Source records: Begin

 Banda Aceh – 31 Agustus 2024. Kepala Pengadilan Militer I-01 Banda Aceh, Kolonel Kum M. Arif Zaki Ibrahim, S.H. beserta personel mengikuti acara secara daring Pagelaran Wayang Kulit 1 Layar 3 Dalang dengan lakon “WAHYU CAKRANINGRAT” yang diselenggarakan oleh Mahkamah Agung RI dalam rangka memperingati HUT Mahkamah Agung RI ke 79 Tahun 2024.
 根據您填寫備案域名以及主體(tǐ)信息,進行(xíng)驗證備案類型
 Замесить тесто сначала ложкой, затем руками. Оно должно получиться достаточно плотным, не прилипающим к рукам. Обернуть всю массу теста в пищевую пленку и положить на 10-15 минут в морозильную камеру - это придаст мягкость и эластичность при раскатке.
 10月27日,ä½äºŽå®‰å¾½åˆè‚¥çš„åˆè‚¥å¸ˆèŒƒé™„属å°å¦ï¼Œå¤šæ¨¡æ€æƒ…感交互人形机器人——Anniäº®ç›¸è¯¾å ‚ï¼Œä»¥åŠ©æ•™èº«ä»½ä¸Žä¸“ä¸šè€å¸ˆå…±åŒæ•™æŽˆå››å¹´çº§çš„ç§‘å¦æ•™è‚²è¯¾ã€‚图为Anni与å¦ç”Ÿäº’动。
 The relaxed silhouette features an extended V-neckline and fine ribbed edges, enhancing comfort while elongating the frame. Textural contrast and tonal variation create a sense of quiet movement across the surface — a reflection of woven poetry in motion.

Source records: End
Source records: Begin

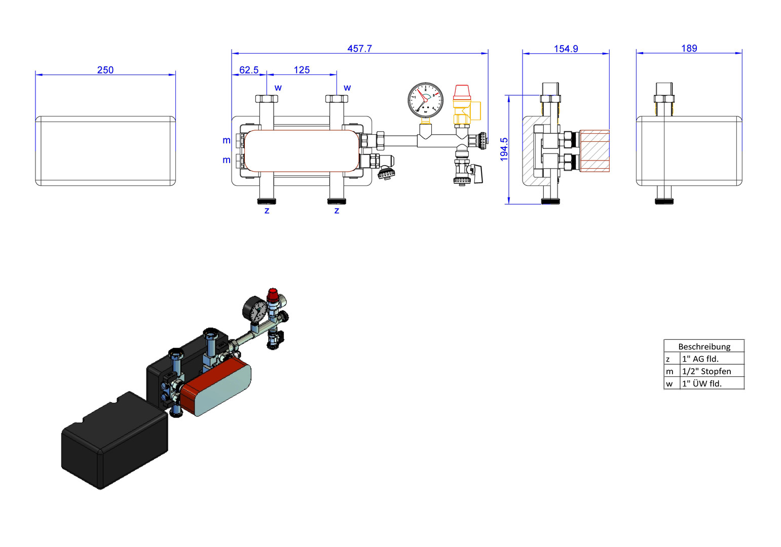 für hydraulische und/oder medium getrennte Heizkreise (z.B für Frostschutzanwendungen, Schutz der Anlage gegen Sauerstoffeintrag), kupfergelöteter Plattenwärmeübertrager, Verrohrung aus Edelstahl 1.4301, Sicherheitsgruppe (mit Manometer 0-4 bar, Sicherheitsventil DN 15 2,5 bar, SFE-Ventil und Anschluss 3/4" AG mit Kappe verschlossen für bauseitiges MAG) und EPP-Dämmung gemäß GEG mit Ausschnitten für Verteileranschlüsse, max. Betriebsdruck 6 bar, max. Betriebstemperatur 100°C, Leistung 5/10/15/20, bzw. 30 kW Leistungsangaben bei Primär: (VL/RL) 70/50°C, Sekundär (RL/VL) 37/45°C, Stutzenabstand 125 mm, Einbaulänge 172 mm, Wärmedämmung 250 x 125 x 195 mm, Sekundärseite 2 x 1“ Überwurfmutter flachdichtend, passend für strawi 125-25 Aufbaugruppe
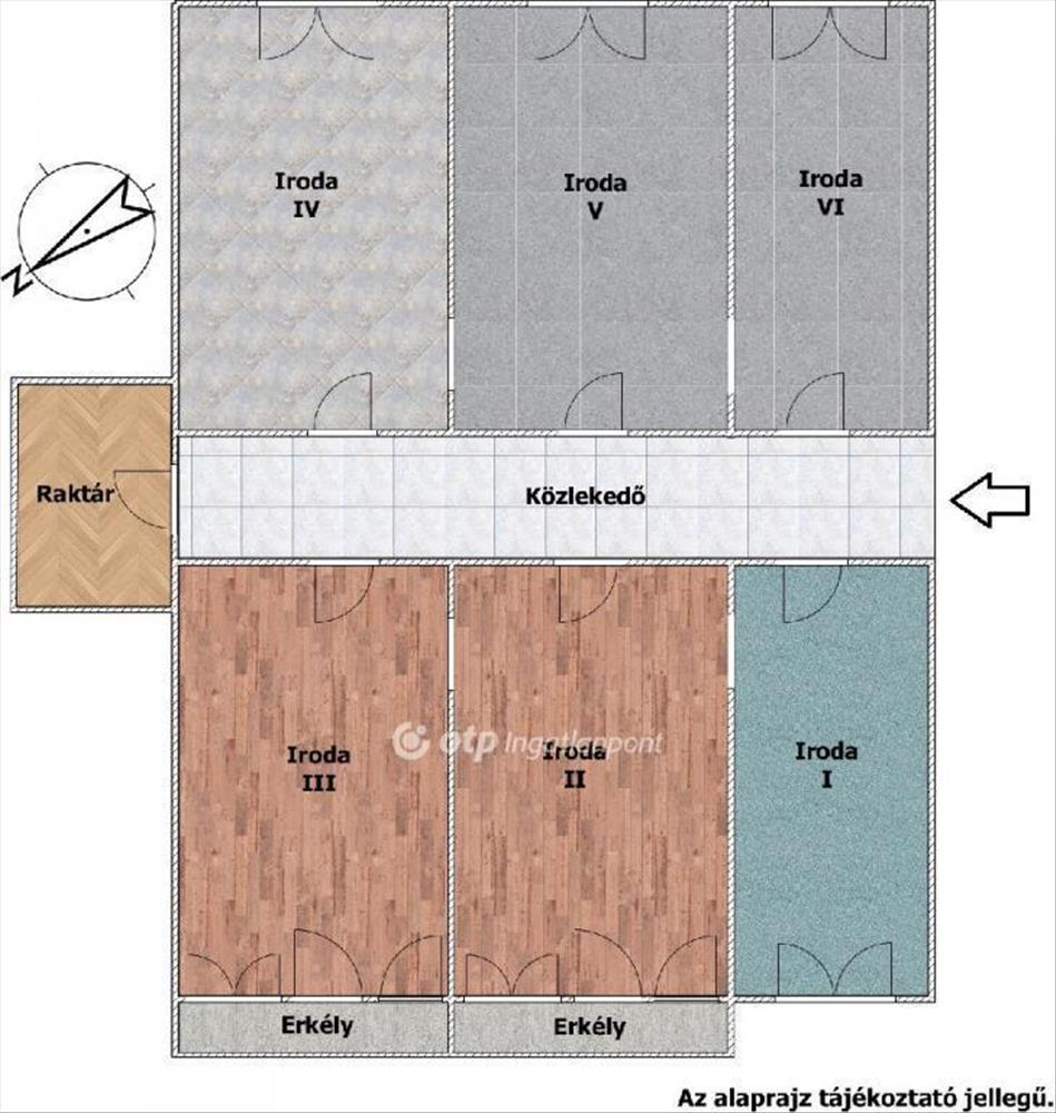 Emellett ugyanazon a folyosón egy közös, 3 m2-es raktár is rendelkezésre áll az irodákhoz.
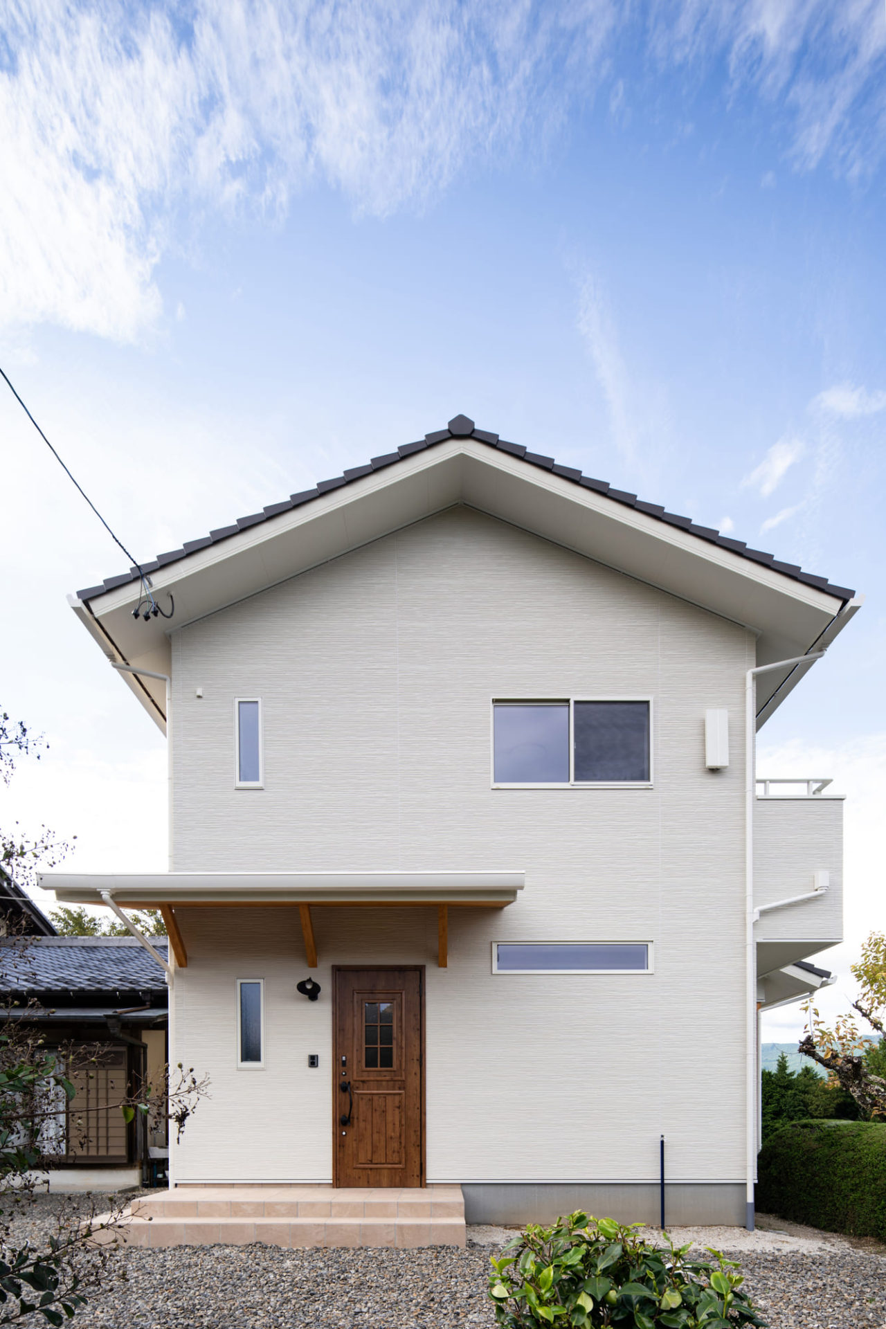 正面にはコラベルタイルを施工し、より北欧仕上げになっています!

Source records: End

■ Work task ■
Only one stretch of the entries above is wanted: the lines from the one containing "根據您填寫備案域名以及主體(tǐ)信息,進行(xíng)驗證備案類型" through the one containing "10月27日,ä½äºŽå®". Please reproduce it exactly.

■ Exercise solution ■
 根據您填寫備案域名以及主體(tǐ)信息,進行(xíng)驗證備案類型
 Замесить тесто сначала ложкой, затем руками. Оно должно получиться достаточно плотным, не прилипающим к рукам. Обернуть всю массу теста в пищевую пленку и положить на 10-15 минут в морозильную камеру - это придаст мягкость и эластичность при раскатке.
 10月27日,ä½äºŽå®‰å¾½åˆè‚¥çš„åˆè‚¥å¸ˆèŒƒé™„属å°å¦ï¼Œå¤šæ¨¡æ€æƒ…感交互人形机器人——Anniäº®ç›¸è¯¾å ‚ï¼Œä»¥åŠ©æ•™èº«ä»½ä¸Žä¸“ä¸šè€å¸ˆå…±åŒæ•™æŽˆå››å¹´çº§çš„ç§‘å¦æ•™è‚²è¯¾ã€‚图为Anni与å¦ç”Ÿäº’动。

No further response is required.